Just note that not all mares wax... mine never do (although it's more uncommon to wax in minis than it is to actually wax)


----------



## equus717 (Aug 20, 2009)

Hey Skittle have you had your vet out to look at Storm yet? Storm is a great name. My oldest boy Robbie named a cat at the barn today. The cats name was storm but Robbie said he didn't like it so I asked him what he wanted to name him and he said to name him Boots. I like that name. Robbie and Bret are excited about PT's baby because they get to help with the naming of this baby.


----------



## skittle1120 (Oct 24, 2009)

No, I haven't found a vet I like... There is one local that says she'll come look at her, but she bathed my boyfriend in Rabies vaccine when we took my dogs and cat in for their shots, so there's no way I want her anywere near my horses.... Besides that, Justin will be mad if he found out I had her out here... 

Finding a good vet is the worst thing about living as far from a major city as we do... There's a few around here, but ones almost better off to not call them cause they just overcharge you to do something you could have done yourself... That's why I've figured out how to do a lot of the vet care myself...


----------



## CheyAut (Nov 26, 2008)

skittle1120 said:


> but she bathed my boyfriend in Rabies vaccine when we took my dogs and cat in for their shots, so there's no way I want her anywere near my horses....


She did what?


----------



## skittle1120 (Oct 24, 2009)

CheyAut said:


> She did what?


She was so busy b*itchin at me because my Aussie was a couple days overdue for his vaccine that she wasn't paying attention to what she was doing and put the needle back out through the skin on my beagles leg and instead of the vac goin into the dog, it shot all over my boyfriends shirt... Then the stupid twit didn't even apologize, and tried to blame me for it, while I was standing in the corner holding the cat...

Needless to say, I was NOT pleased... My animals will go without vaccines before they go back there... Fortunatly there is a good small animal vet not far away and one that's quite a bit further away that I can get vacs for the horses from and give them myself...


----------



## kevinshorses (Aug 15, 2009)

I have a few mares that I breed every year and I leave them out on mmountain pasture untill they foal. I have had mares at home to foal but horses rarely have the same problems as cattle do. You can just about bet that the closer you watch her the more likely she will foal while you are at the store getting a pop or eating dinner. Another way to tell if a horse is getting close is to look at the vulva. When it gets big and loose looking then the time is near but this varies to particularly with maiden mares.


----------



## CheyAut (Nov 26, 2008)

Wow! I agree, not a nice vet to deal with then!


----------



## skittle1120 (Oct 24, 2009)

Yeah, I won't be dealing with that vet again. I do need to find out what shots Storm needs before she foals so I can get her up to date... 

Storm had a little bit of a runny nose and watery eyes, but they've cleared up and she's looking very good now...


----------



## equus717 (Aug 20, 2009)

Have you gotten the book that I told you about? That book will give you the vaccines and when they need to be given to her. I will only have one mare giving birth next year my gray mare named PT.


----------



## skittle1120 (Oct 24, 2009)

I asked my mom for it for my birthday, so I should have it by the end of the month... I could get it myself, but I don't know what else to ask for lol...


----------



## equus717 (Aug 20, 2009)

Oh okay. You really need to have a vet palpate her to see how far along she is. It might be too late to give her any shots. She does need shots at 3,5,7,and 9 months. One shot is EHV it helps to keep the mare from aborting her baby later in pregnancy.


----------



## skittle1120 (Oct 24, 2009)

I was told she should foal toward the end of April... but...

Ya, I need to get her to a vet...


----------



## equus717 (Aug 20, 2009)

That is good to know. I can't wait until my mare foals out in feb. cold though.


----------



## skittle1120 (Oct 24, 2009)

I'm hoping she doesn't foal much sooner then April... I don't have a barn yet, so I don't have a nice warm stall to put her in...
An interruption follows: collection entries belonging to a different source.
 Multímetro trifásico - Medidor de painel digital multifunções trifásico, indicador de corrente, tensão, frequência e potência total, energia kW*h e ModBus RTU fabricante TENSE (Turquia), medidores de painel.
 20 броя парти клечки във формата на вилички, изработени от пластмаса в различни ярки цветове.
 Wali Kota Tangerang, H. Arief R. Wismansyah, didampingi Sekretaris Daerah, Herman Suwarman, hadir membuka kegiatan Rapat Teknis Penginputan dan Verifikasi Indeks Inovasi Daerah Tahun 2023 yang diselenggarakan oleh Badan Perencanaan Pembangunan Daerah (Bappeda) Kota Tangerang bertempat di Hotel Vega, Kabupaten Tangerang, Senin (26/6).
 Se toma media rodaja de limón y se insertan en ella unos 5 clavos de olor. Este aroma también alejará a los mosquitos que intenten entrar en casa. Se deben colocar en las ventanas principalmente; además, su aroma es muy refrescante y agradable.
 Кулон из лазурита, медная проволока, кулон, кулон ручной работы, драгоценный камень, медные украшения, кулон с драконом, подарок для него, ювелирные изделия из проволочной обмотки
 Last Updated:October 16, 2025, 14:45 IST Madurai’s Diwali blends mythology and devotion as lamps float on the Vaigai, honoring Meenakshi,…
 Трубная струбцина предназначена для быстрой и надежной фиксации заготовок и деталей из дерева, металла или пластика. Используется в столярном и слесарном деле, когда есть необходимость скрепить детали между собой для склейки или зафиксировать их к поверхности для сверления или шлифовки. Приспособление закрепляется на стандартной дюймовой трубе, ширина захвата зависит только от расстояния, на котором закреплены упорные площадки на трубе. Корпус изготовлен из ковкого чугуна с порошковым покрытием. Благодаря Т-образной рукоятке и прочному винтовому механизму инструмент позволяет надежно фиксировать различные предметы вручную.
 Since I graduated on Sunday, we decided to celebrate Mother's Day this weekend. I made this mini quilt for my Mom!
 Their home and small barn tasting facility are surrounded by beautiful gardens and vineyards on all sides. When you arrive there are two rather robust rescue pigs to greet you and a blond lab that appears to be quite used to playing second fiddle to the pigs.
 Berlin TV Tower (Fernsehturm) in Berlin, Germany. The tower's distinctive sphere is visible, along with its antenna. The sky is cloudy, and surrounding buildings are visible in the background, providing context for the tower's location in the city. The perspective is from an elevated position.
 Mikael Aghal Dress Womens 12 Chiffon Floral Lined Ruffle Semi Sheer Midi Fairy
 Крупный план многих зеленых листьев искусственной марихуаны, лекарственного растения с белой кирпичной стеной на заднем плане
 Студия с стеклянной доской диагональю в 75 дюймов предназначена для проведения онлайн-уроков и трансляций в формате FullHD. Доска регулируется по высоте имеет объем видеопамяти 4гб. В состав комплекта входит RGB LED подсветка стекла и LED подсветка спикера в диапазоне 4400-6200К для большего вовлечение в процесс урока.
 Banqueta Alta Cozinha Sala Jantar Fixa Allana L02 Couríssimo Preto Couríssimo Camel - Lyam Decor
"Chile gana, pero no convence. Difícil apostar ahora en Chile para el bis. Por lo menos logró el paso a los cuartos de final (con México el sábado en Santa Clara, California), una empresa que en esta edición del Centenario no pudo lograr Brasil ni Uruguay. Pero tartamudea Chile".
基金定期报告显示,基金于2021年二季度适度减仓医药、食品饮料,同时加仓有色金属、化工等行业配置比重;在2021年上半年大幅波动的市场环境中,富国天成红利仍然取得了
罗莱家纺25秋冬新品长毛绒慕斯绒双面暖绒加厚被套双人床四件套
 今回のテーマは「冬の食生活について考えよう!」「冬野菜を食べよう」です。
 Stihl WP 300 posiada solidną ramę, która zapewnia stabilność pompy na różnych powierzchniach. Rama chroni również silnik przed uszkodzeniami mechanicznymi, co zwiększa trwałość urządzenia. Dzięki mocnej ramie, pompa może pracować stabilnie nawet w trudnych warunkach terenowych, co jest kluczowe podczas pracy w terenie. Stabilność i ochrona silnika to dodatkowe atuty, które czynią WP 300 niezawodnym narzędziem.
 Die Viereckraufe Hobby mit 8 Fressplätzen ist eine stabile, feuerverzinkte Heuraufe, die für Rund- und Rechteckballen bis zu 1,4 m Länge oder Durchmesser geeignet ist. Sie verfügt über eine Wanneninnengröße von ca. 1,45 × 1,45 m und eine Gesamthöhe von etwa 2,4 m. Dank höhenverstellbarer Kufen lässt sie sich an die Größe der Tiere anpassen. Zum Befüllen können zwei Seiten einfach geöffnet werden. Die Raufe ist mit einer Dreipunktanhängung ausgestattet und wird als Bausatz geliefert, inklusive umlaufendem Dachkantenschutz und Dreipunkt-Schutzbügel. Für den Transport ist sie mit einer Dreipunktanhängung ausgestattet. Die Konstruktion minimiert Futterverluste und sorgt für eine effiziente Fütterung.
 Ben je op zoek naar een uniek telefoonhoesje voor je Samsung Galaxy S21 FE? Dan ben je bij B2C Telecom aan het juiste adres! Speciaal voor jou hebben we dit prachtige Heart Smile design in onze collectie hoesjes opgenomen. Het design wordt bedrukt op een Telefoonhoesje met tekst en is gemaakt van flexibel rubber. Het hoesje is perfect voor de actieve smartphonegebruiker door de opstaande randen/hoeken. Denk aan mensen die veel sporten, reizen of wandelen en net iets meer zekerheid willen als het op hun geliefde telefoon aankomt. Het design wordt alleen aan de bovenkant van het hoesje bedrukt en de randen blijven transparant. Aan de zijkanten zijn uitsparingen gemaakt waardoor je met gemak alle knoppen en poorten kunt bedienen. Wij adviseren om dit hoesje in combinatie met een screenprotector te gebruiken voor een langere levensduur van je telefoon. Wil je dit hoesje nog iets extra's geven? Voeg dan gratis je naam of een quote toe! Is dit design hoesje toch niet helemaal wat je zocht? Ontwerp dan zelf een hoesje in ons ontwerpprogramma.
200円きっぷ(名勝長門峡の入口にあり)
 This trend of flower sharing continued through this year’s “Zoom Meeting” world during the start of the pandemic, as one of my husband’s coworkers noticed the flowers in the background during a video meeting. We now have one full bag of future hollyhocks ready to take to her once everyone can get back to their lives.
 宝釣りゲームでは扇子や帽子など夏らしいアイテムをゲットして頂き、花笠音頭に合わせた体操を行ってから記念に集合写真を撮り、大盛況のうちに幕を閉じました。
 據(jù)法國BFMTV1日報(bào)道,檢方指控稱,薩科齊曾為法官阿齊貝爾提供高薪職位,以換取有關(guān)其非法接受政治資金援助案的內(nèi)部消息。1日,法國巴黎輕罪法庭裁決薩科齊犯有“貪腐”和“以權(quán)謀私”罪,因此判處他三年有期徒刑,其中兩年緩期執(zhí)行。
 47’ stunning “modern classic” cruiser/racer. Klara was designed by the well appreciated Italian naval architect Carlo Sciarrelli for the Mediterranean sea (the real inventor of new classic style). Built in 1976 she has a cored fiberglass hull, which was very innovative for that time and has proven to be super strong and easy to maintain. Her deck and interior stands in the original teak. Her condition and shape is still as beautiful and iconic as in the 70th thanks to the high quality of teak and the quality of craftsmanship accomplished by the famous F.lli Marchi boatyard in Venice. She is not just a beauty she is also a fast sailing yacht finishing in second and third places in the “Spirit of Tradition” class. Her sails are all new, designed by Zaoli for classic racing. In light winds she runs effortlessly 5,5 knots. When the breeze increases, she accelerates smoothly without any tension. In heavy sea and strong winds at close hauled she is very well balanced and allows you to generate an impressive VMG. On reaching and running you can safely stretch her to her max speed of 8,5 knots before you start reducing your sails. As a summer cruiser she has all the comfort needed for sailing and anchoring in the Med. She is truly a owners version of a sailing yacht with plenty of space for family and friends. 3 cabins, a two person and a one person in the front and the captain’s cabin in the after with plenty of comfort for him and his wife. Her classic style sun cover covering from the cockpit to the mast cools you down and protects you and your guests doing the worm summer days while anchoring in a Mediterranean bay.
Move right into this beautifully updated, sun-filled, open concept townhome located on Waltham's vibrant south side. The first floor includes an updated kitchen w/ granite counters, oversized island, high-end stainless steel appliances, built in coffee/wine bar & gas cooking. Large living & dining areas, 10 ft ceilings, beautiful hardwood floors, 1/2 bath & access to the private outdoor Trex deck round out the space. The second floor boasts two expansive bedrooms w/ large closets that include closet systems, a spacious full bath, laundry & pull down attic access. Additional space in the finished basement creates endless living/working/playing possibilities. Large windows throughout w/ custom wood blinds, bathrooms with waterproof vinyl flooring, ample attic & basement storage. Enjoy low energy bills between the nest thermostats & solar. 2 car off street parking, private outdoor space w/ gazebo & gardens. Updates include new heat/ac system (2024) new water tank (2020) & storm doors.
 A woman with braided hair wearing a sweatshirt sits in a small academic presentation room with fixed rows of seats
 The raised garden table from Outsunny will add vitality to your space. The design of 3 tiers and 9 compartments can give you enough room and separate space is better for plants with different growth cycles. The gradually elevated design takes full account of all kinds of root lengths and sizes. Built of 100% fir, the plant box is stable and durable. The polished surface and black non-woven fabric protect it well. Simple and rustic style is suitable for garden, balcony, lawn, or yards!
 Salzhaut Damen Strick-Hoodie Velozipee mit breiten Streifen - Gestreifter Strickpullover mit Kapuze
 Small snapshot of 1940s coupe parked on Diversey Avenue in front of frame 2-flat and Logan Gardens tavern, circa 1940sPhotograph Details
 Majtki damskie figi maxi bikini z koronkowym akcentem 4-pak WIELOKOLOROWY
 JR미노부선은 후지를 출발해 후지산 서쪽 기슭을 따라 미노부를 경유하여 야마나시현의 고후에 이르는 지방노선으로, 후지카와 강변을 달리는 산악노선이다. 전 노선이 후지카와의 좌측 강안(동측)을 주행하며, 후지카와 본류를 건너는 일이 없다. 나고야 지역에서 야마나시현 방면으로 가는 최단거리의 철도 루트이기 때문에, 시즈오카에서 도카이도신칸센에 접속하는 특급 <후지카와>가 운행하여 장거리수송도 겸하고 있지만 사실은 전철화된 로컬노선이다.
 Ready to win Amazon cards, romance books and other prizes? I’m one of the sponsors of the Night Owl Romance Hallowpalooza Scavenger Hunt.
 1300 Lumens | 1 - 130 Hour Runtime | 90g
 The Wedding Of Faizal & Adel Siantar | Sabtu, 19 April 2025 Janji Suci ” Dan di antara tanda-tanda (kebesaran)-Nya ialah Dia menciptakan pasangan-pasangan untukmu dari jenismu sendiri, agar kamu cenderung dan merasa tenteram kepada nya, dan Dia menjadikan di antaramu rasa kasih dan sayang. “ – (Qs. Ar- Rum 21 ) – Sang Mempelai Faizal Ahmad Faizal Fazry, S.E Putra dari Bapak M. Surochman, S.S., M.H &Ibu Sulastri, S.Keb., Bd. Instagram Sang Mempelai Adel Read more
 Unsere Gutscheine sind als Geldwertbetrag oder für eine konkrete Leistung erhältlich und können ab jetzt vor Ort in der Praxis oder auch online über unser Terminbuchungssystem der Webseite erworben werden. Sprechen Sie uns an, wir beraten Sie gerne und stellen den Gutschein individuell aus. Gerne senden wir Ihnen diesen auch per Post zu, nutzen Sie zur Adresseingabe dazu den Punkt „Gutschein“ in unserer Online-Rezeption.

It won't be a problem letting the foal run in the pasture right away will it? Provided there are no problems with it or with either mare accepting it...


----------



## equus717 (Aug 20, 2009)

No as long as everything goes good with the delivery you can let them out together. It shouldn't be a problem. What kind of fencing do you have. I would put flags up on the fence so that the foal can see it better and not as likely to run into it and get caught.


----------



## skittle1120 (Oct 24, 2009)

I have double strand electric, steel t-posts 20 feet apart, with flourescent green flags every 10 feet on both strands, alternating between top and bottom strands so theres actually a flag every 5 feet....

There are lots of deer running around here that like to crash my fence every other day, so flags are a must... 

My Rocky mare has only gotten out once (thanks to the deer), and she just stayed in the yard were there was lots of grass, so I'm not overly concerned, but of course, I want them to stay in...


----------



## skittle1120 (Oct 24, 2009)

Well, I just heard from her previous owner... She got her late last spring, and didn't give her any shots at all, so now I'm not sure what she got from the owner before that... and she was caught sometime mid-may, so I have a better idea of how far along she is at least... I'm callin the vet as soon as they open...


----------



## skittle1120 (Oct 24, 2009)

Well, good news and bad news...

Bad news - The vet can't answer my questions about what shots she needs... So it's up to me and my crappy dial up connection to figure it out...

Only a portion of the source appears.